I can't remember a time when there wasn't a story about a shooting in the news. I've seen it on TV, and I've read it in newspapers. I have heard the victims' names, and I have heard their families cry. I have lived through it. I have seen it too many times.
The Sandy Hook Elementary School shooting happened my senior year of high school. This was the first time in my life that I had truly been upset and heartbroken. Twenty children and six adults were lost that day, and Americans were enveloped in sadness. I was more terrified than ever; I had brothers the same ages as those children and felt guilty when I was worrying about their future more than I was worrying about the bigger picture. But I was so angered by that man’s senseless act — so upset that I lived in a society where things like this could happen.
That should have been the wake-up call for America. We let this go on for too long and almost ignored the problem. In the past three and a half years, there have been almost 800 mass shootings in the US, counting cases in which four or more people are injured or killed. There have been almost 200 shootings this year alone. Everyone agrees that there is a problem, but why is nothing being done?

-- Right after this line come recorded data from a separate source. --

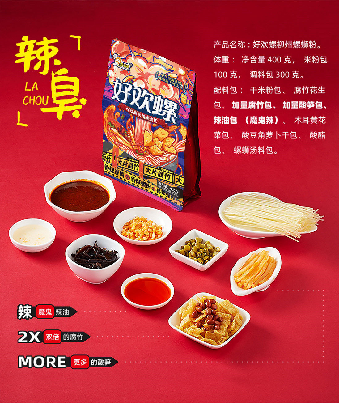 好欢螺螺蛳粉400加辣加臭原味混装广西柳州螺狮粉速食酸辣米粉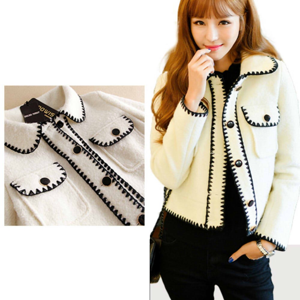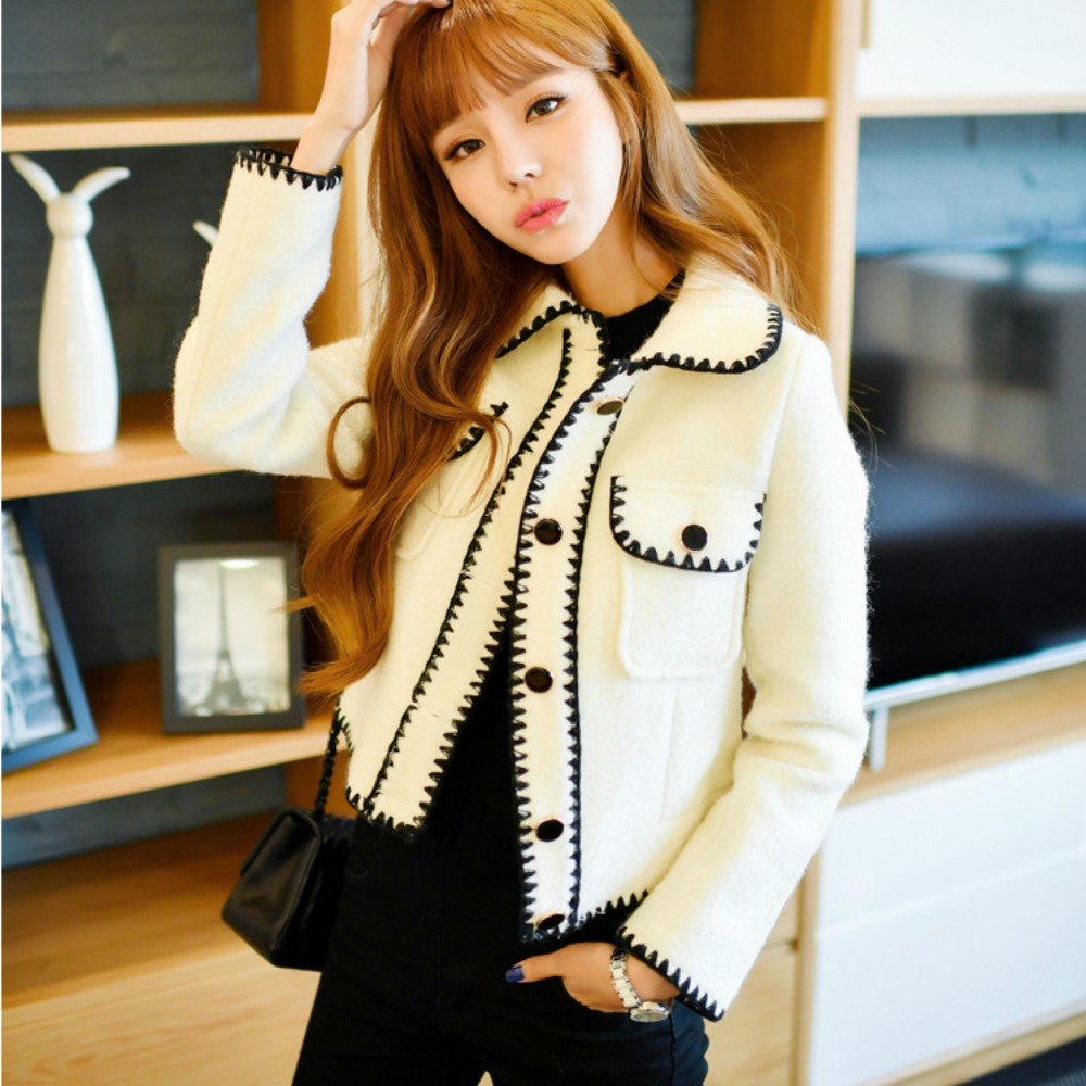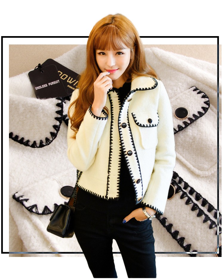 オフィス・通勤☆可愛い トリミングステッチ カバーオール ウールジャケット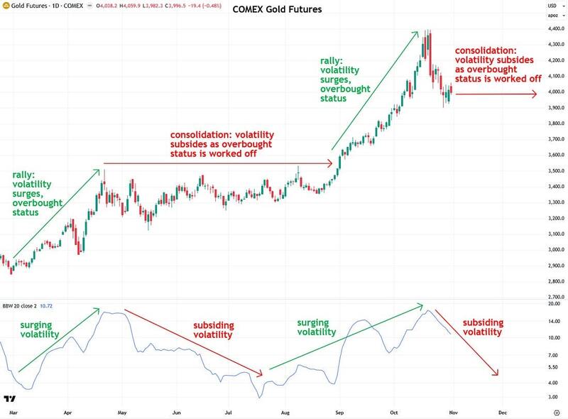 After a surge in volatility during the gold rally in September and early October, as measured by the Bollinger Band Width indicator beneath the price chart, volatility is now subsiding in gold and across the broader precious metals complex. This indicates that precious metals are likely forming a new consolidation phase as they build energy for the next major move.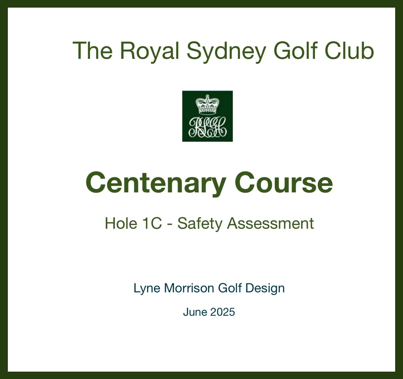 Safety assessment and strategic planning for Royal Sydney Golf Club’s historic Centenary Course - balancing heritage preservation with contemporary safety standards.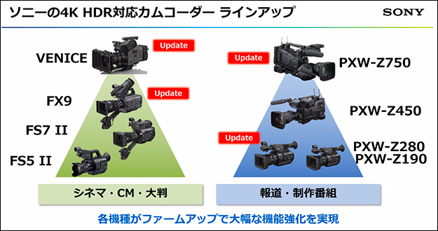 以上が、カメラやポストプロダクション関連のアップデートとなる。ここまでのアップデートの中でも特に印象的なのはHDR-SDR同時制作アシスト機能だろう。中継などのジャンルでHDR-SDR同時制作を先行してきたソニーだからこそ、その技術を他のジャンルでも転用しつつあるようだ。
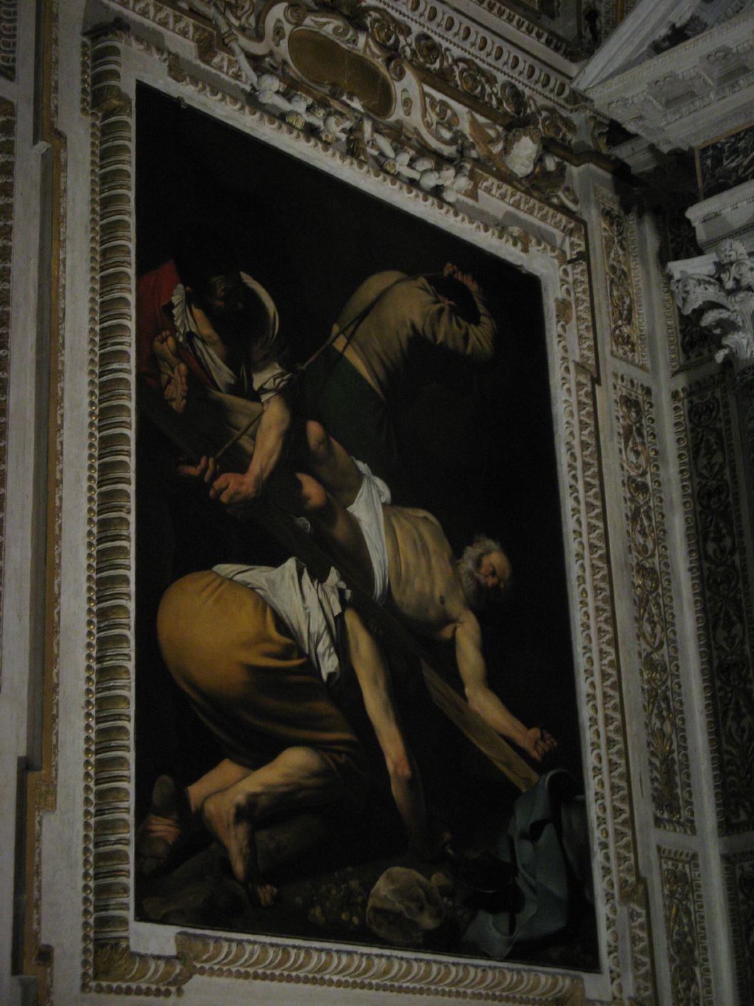 Inside Santa Maria del Populo, the Crucifixion of St. Peter by Caravaggio (1601). |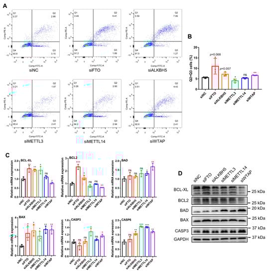 Figure 4. Knockdown of m6A methylase genes regulates bovine myoblast apoptosis. Bovine myoblasts were transfected with siNC or siRNAs (siFTO, siALKBH5, siMETTL3, siMETTL14 or siWTAP) for 36 h. (A,B) Flow cytometry detection and analysis and the percentage of apoptotic cell counts. Q1 is cell debris, Q2 is late apoptotic cells, Q3 is early apoptotic cells, and Q4 is live cells. (C) RT-qPCR was performed to detect the relative mRNA expression of apoptosis-related genes, including BCL-XL, BCL2, BAD, BAX, CASP3 and CASP6. GAPDH was the normalization control. (D) Western blot assays demonstrating the expression levels of BCL-XL, BCL2, BAD, BAX, CASP3 and GAPDH proteins in different treated cells. (B,C) Results are presented as the means ± SDs from three independent experiments. Using Student’s t test, * p < 0.05, ** p < 0.01, *** p < 0.001 and ns = no significance.

Everyone offers their prayers and hopes for a better future when a tragedy like this happens. They share photos on Facebook, offer condolences, share their thoughts on how these senseless acts break families and homes, and I feel absolutely helpless as I watch it happen time and time again. Mass shootings happen far too often, and the conditions of those shootings are practically predictable. The people who commit them, the weapons they use, the events in their life that lead them to do it — the cases are all too similar.
I found myself completely heartbroken once again when I heard of the Orlando nightclub shooting. We’ve had tragedies in schools, in movie theaters and now in nightclubs. I found myself in Orlando just two weeks after that, and I was shocked when I saw the lack of mourning. It was in that moment that I realized people would rather ignore the problem and focus on whatever little positivity they have in their lives than pay attention to the negative and be powerless because no one wants to feel powerless.
People want to continue with whatever normality they have in their lives, rather than live in fear. The truth is: I do, too. I would change the channel when something horrible is on the news, I wouldn't engage in conversations about the violence around me and most of all, I would ignore the fact that I live in fear every day of my life. But just because I chose to not listen, didn’t mean the shootings stopped.
I never thought about being involved in a tragedy at my university until I saw another school shooting in the news. I never thought about walking into a movie theater, or a mall, or a nightclub only to be caught in a massacre ... until it actually happened in this country.
Time and time again, it keeps happening. And now we mourn again for the loss of three officers in Baton Rouge after barely getting over the loss of five lives in Dallas. Because we have once again gotten our monthly reminder that in America no one is safe from hate and madness and violence. Or guns.
I have never seen a world without gun violence, or any violence for that matter, and anyone in my generation would agree with me. The saddest part is I can’t see the end of it, because in all of my 21 years, the problem has only escalated. We've turned into a society that can actually imagine what a mass shooting feels like, instead of not being able to imagine it at all. I'm terrified that an America without mass shootings doesn't exist, because in a country where there're more guns than people, it just doesn't seem possible.
It’s hard to live and be fully aware that the world can be capable of such horrors, and it’s even harder to feel absolutely helpless about it. But at the end of the day, when it’s just me — a 21-year-old girl sitting at a desk writing this article — I feel lucky that it’s not anyone I know. And that makes me feel so much guilt.
An America without mass shootings would mean more birthdays, more graduations, more weddings, more doctors and teachers and artists and good people. An America without mass shootings would mean more people feeling safe, more people being happy. This is what I, and thousands of others, pray for every day in hopes that one day, after all of our nation’s pain and suffering, we all get to live.